Items selecteren, weergeven en vergelijken, inclusief notitieblokken tussen verschillende fasen, zoals wordt weergegeven in het volgende voorbeeld. De gemarkeerde badge die het aantal gewijzigde items aangeeft tussen de vorige fase en de huidige fase.
Selecteer Implementeren om uw notebooks te implementeren in de fasen Ontwikkeling, Testen en Productie.
(Optioneel.) U kunt implementatieregels selecteren om implementatieregels te maken voor een implementatieproces. Vermelding van implementatieregels bevindt zich in de doelfase voor een implementatieproces.
Fabric ondersteunt het parameteriseren van het standaard lakehouse voor elk notebookexemplaren bij het implementeren met implementatieregels. Er zijn drie opties beschikbaar om het standaard lakehouse van het doel op te geven: Hetzelfde als bron lakehouse, N/A (geen standaard lakehouse) en andere lakehouses.

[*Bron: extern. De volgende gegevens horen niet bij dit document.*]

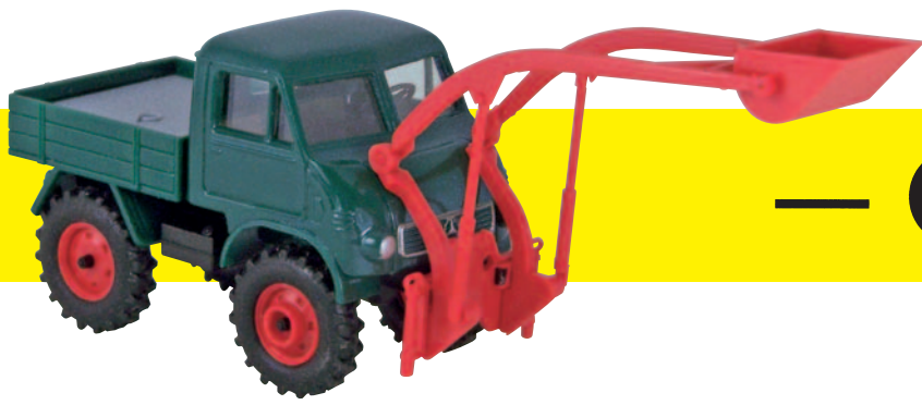
20533 Unimog FhB mit Baaslader grün
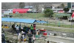
鷹山ファミリー牧場

☎ 9:00~16:30 休 団体貸切時(不定)/11月上旬~4月中旬 ☎ 0268-69-0550
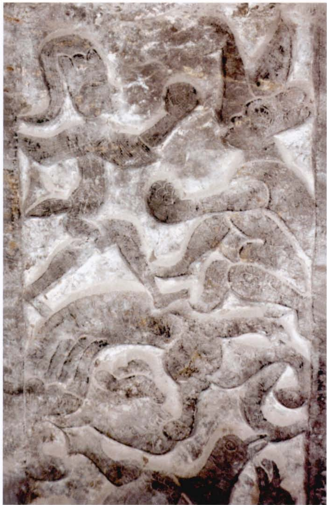
拳术演练图画像石 汉(山东省临沂市白庄汉墓出土)

以拳术为代表的徒手技击,是我国古代武艺向武术发展演变的一个重要的组成部分。明清时期的河南登封少林寺白衣殿拳术演练图壁画,中国体育博物馆收藏的青花、红釉瓷器上的拳术演练纹,都极为形象地向我们展示出了华夏武术中颇具特色的拳术套路的丰富内容。
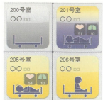
●リアルタイムモニター 常に入居者様の様子を把握することができます。

体動(寝返り、呼吸、脈拍など)をセンサーで測定し、睡眠状態・呼吸状態を24時間リアルタイムで把握出来る見守り支援システムを全居室に設置しています。 睡眠状態を把握することにより、覚醒したタイミングでケアを行う事ができます。また、呼吸・脈拍の変化を把握し、一定の変動があった場合は通知する設定にすることで、体調変化を推察する事が出来ます。
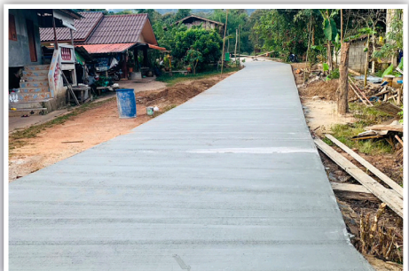
หลังดำเนินการก่อสร้าง
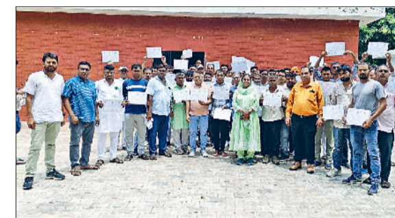
जीद। सर्टिफिकेट वितरित करते हुए।

दिशा में प्रयोग करें, पढ़ाई और खेलों में रुचि लें और अपने माता-पिता व गांव का नाम रोशन करें- उन्हें प्रेरित किया गया कि वे खुद तो नशे से दूर रहें ही, साथ ही अपने परिवार व आस-पड़ोस में भी लोगों को नशे के दुष्परिणामों के बारे में जागरूक करें।
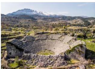
Cappadoce 500km - 6h Selge
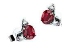
Art. OR40 Rub. ct. 0,50 Diam. ct. 0,03 Gold 18 kt. Gr. 0,90
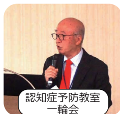
認知症予防教室 一輪会
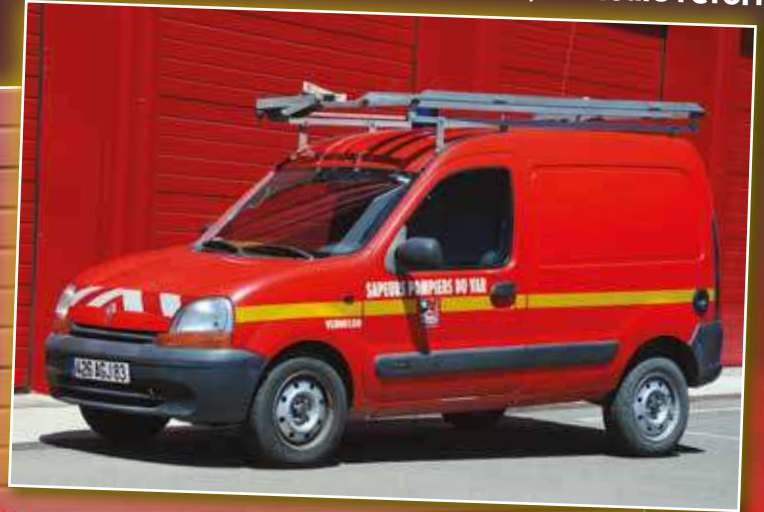
VLU 0150 Renault Kangoo de 2001, véhicule réformé
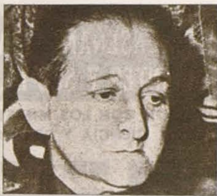
Secretario general del Movimiento; don Torcuato Fernández Miranda. Es catédrico de Derecho Político.

U kunt beveiligde gegevensisolatie bereiken door deze regel in te stellen. Het standaard lakehouse van uw notitieblok wordt vervangen door het notitieblok dat u tijdens de implementatie hebt opgegeven als doel.
Notitie
Wanneer u standaard lakehouse instelt in implementatieregels, moet de Lakehouse-id zijn. U kunt de lakehouse-id ophalen via de koppeling naar de item-URL. De implementatieregels hebben een hogere prioriteit dan automatisch binden. Het automatisch gebonden lakehouse wordt overschreven wanneer er een implementatieregel is geconfigureerd.
Bewaak de implementatiestatus vanuit de implementatiegeschiedenis.